Anna’s late husband, and Phillip and Adele’s son, Lachlan, was passionate about regenerative practices for grazing lands. The Lachlan Hughes Foundation, founded in his memory, supports people who are ready to implement changes themselves.

“A lot of people pay lip service to this stuff, but you’ve got to get up off your butt and do something about that,” Phillip says. “That was Lach’s message, and that’s what’s really important to us.”

On their properties, the Hughes’ implement rotational grazing, moving cattle through more than 60 paddocks. They track cattle movements through AgriWebb, which, integrated with Cibolabs remote pasture sensing, gives them valuable insight into pasture bulk and grazing days left. “That data is invaluable if you had a borderline decision about which paddock you might move cattle into,” Anna says.

The Hughes also do plant tissue testing, getting an analysis of their grasses’ nutritional makeup. Any shortcomings are addressed through a grain assist program, with rations produced at the Hughes’ mill.

But the right feed is only half the equation for making cattle thrive. The Hughes take a holistic approach to animal wellbeing. Rather than HGPs and rumen modifiers, cattle have probiotics for a healthy rumen and optimal feed conversion. They go through an induction process, so they can be handled with low-stress techniques, using horses and cattle dogs.

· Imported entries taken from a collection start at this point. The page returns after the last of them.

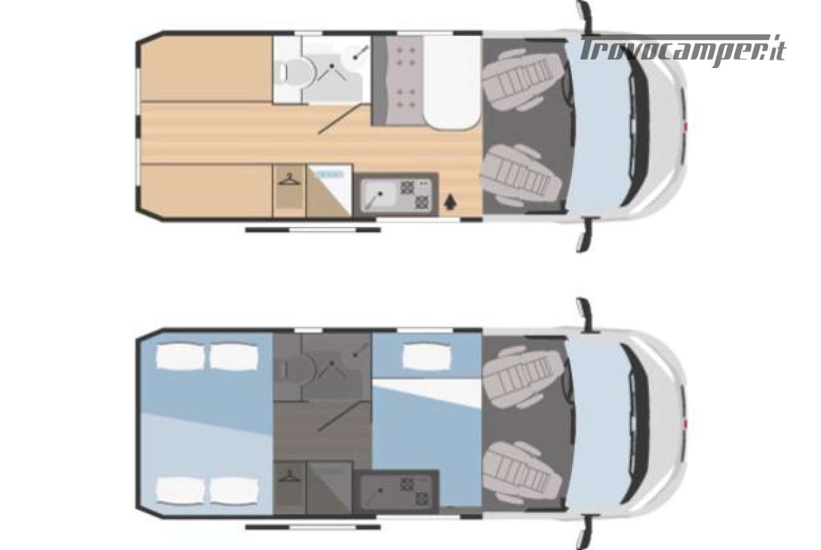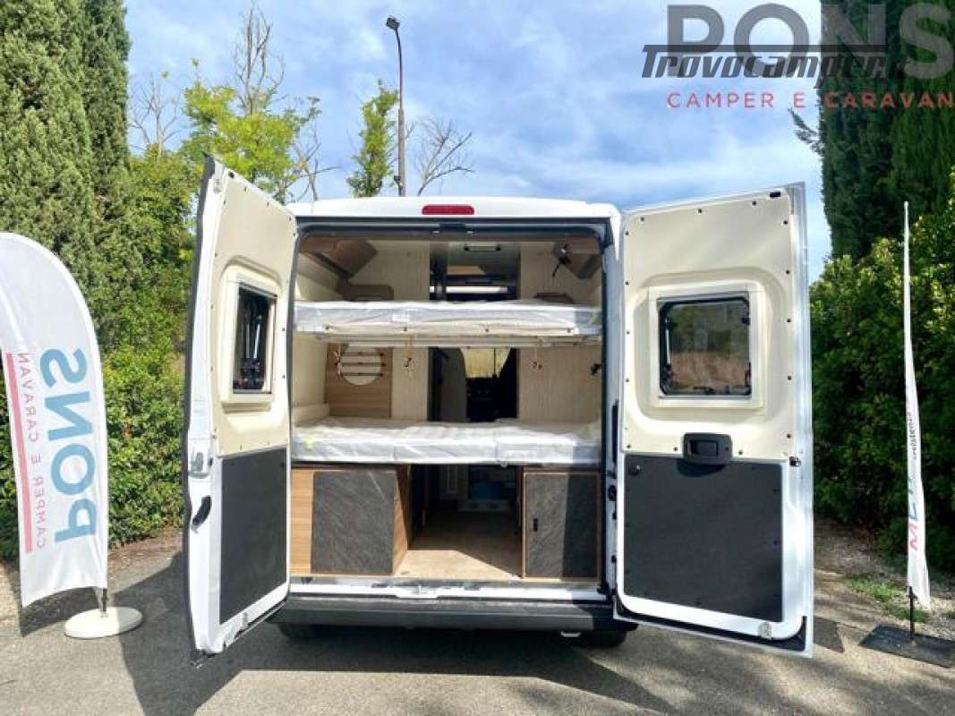 Particolarità del veicolo la possibilità di avere 4 posti letto sempre pronti in coda grazie alla soluzione del castello.
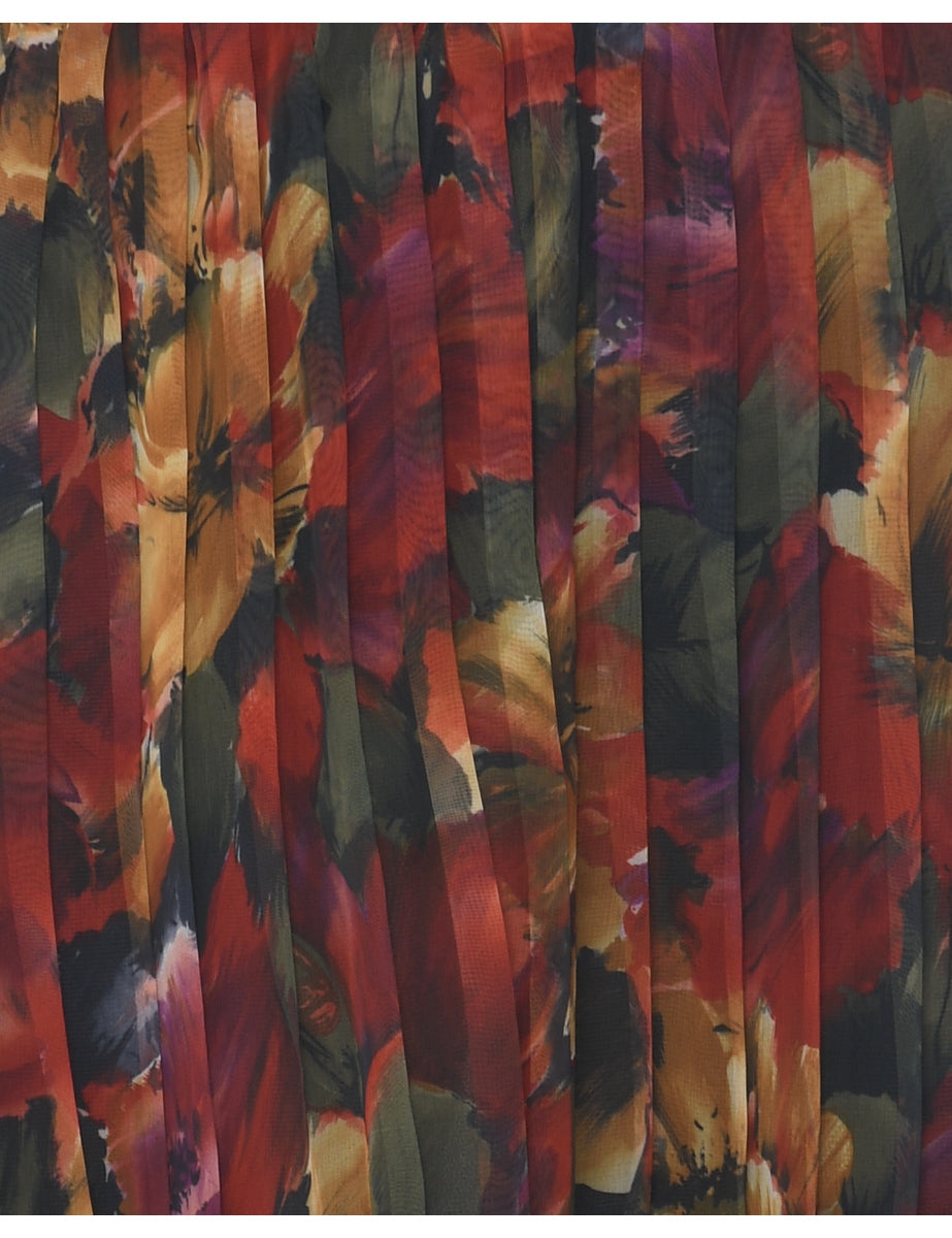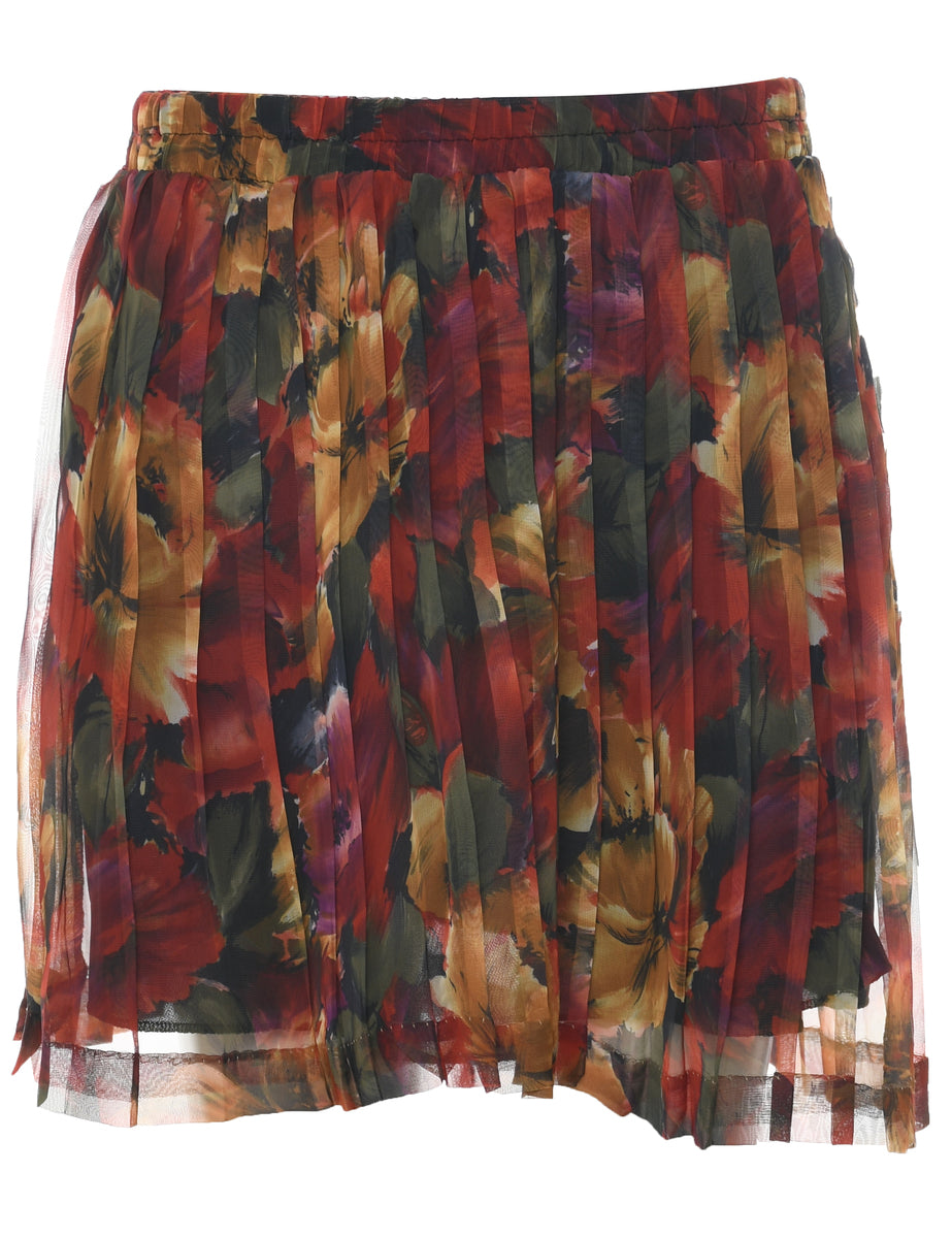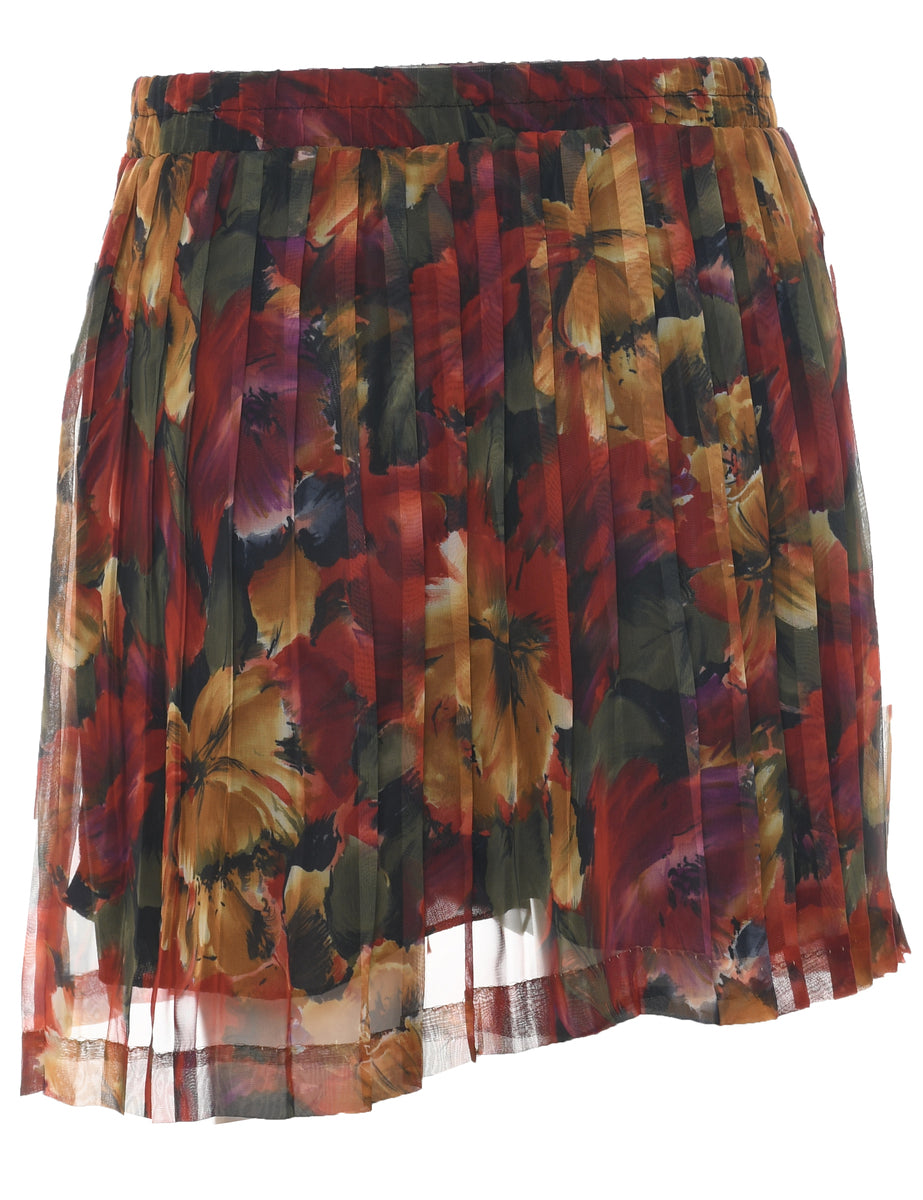Floral pattern pleated skirt comes in multi-colour with an asymmetric hem and an elasticized waist.
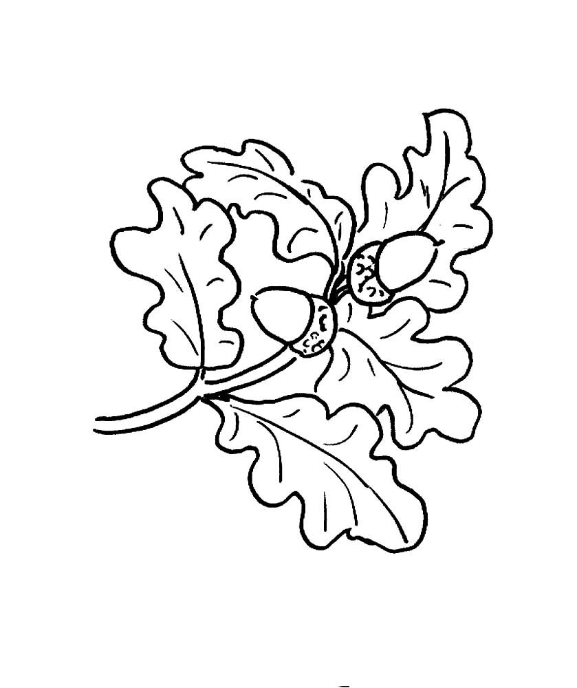 Листья дуба раскраска для малышей
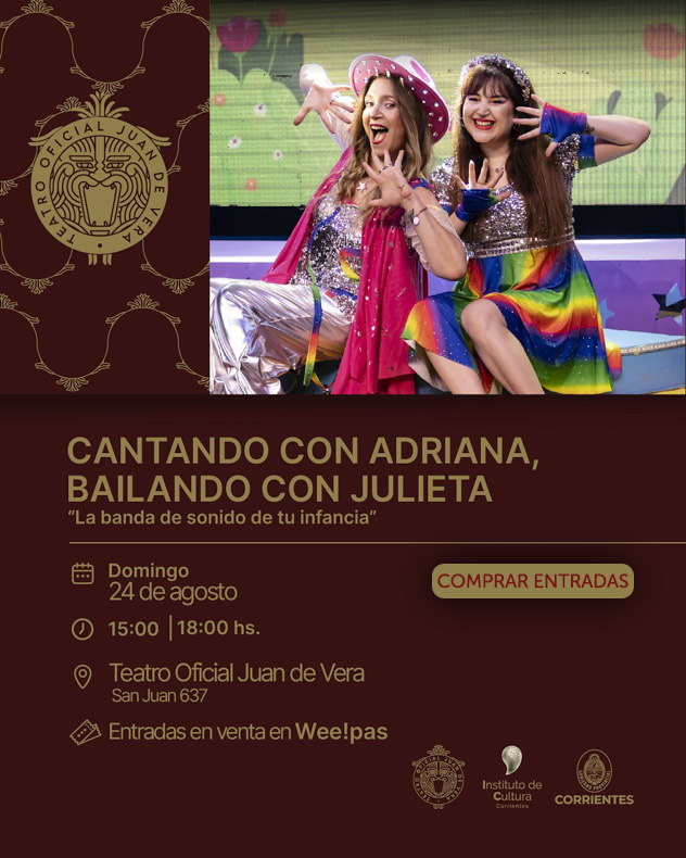 Y el domingo 24 de agosto, en dos funciones, a las 15 y a las 18 hs. llega la obra de teatro infantil “Cantando con Adriana y bailando con Julieta”, con entradas a la venta en https://tinyurl.com/mrks7k8a
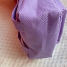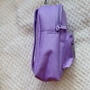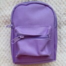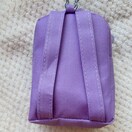 ミニリュック型の紫のポーチ、フロントポケット付きで便利。
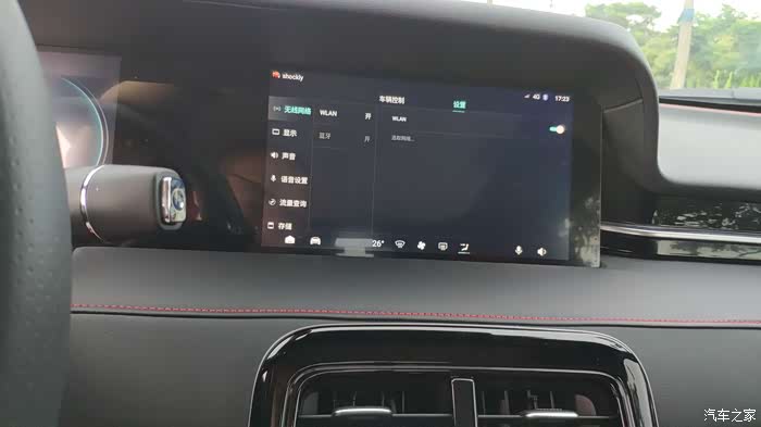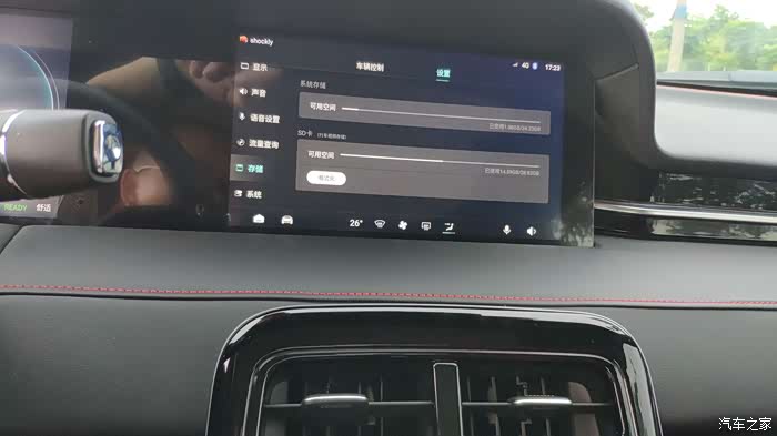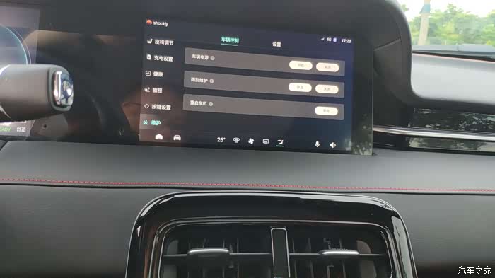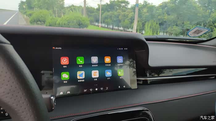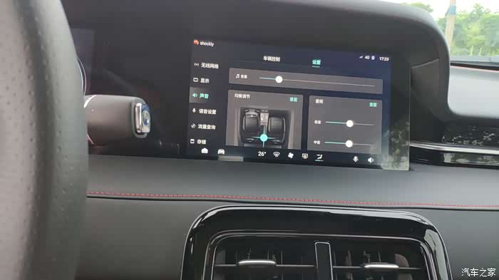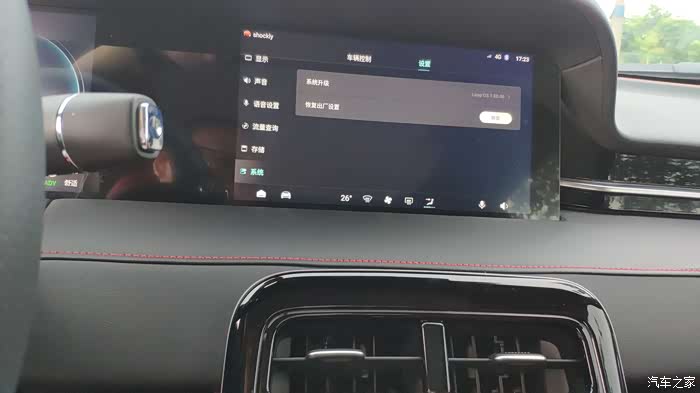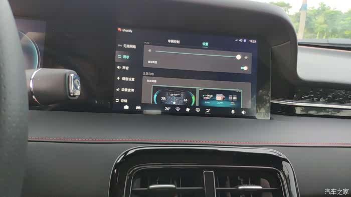 中控界面,舍不得撕掉出厂的膜呀,所以也不好评价反光问题,等有贴膜的时候,换上一个屏幕膜。液晶屏显示效果很细腻,画质很饱满。中间使用过程中有软件问题,我也反馈给厂家了,希望尽快解决软件问题。
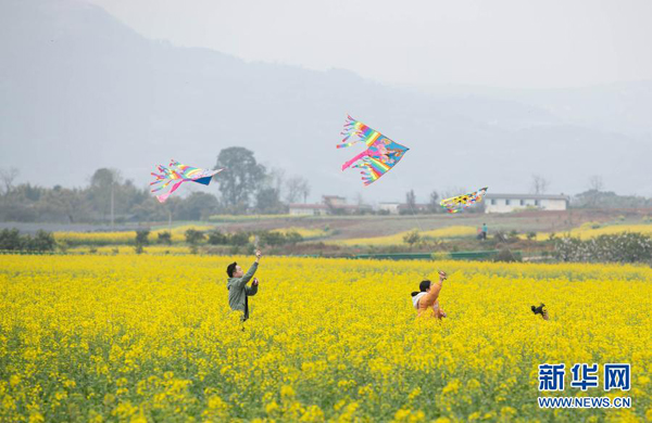 2月27日,游客在成都市金堂縣三溪鎮(zhèn)長林村油菜花田里放風箏。

And along with these holistic practices, the Hughes are always making management decisions backed by data. “Every time cattle are weighed, it gets recorded through AgriWebb,” Phillip says. “We have a record of them all the way through.”

Monitoring cattle closely enables the Hughes to treat them according to their needs. “We can pull performers out, and we punch them along,” Philip says. “We can look at the poor performers and say, ‘What is the problem with that bottom 25 per cent?’ We can question strategies around that, such as changing the feed.” 

For Phillip, the improvement of the land and their system is a work in progress rather than a revolution. “You’re not going to come here and say, ‘Holy hell, these people found the promised land!’ but it’s a positive process,” he says. We measure everything and sit down and think strategically about it. And then intervene where we need to.”

The process is one that Anna enjoys. “What excites me is producing a product – in our case cattle – to the very best of our ability using the productivity and analysis tools that we have available to us, while at the same time doing all we can to improve the soil and pastures and environments in which we live,” she says.

“This is an ever-evolving process, of course, so continual education of ourselves and our practices is always something we are on the active lookout for. Using a progressive program like AgriWebb is great for us because we grow together.”